Additionally, the validation loss and accuracy curves (as shown in Figure 11) for the self-attention SqueezeNet model were more stable compared to the other models. This indicates that the self-attention mechanism contributes to a more consistent training process, reducing performance fluctuations and resulting in more reliable fault diagnosis outcomes.

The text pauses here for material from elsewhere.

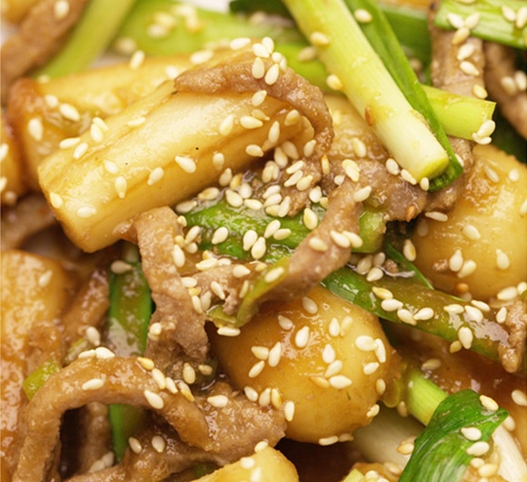 ④开始炒年糕,因为年糕本身就很黏,所以最好选用不粘锅。在锅中倒油,油热之后加入腌好的牛肉丝,翻炒变色后加入香菇片和洋葱丝翻炒,最后放入年糕继续翻炒片刻。宫廷菜以清淡为主,可以再加入一些蔬菜。将青椒、红椒去籽切丝,放入锅内一同翻炒。出锅前再用白砂糖和韭菜段调味,一道传统的宫廷炒年糕就作完成了。

However, it is important to note that the ToyADMOS dataset exhibited extreme class imbalance, posing a significant challenge for the models, particularly in handling minority classes. The models, including those with self-attention and channel attention, struggled considerably to accurately identify faults in these underrepresented classes, impacting their overall performance and highlighting an area for further improvement in future research. Like the MIMII dataset, the ROC curve of the self-attention SqueezeNet model for ToyADMOS was almost similar to the other attention mechanisms, as shown in Figure 12.

4. Interpretation of Self-Attention SqueezeNet Results with T-SNE

Figure 13 and Figure 14 exhibit t-SNE plots of the self-attention SqueezeNet logits using the MIMII and ToyADMOS dataset, respectively. The plots were generated at 100-epoch intervals throughout the 200-epoch training session. The figures also include two additional plots: one representing the t-SNE plot with no training (epoch 0) and the other depicting the t-SNE plot on the test set of MIMII and ToyADMOS.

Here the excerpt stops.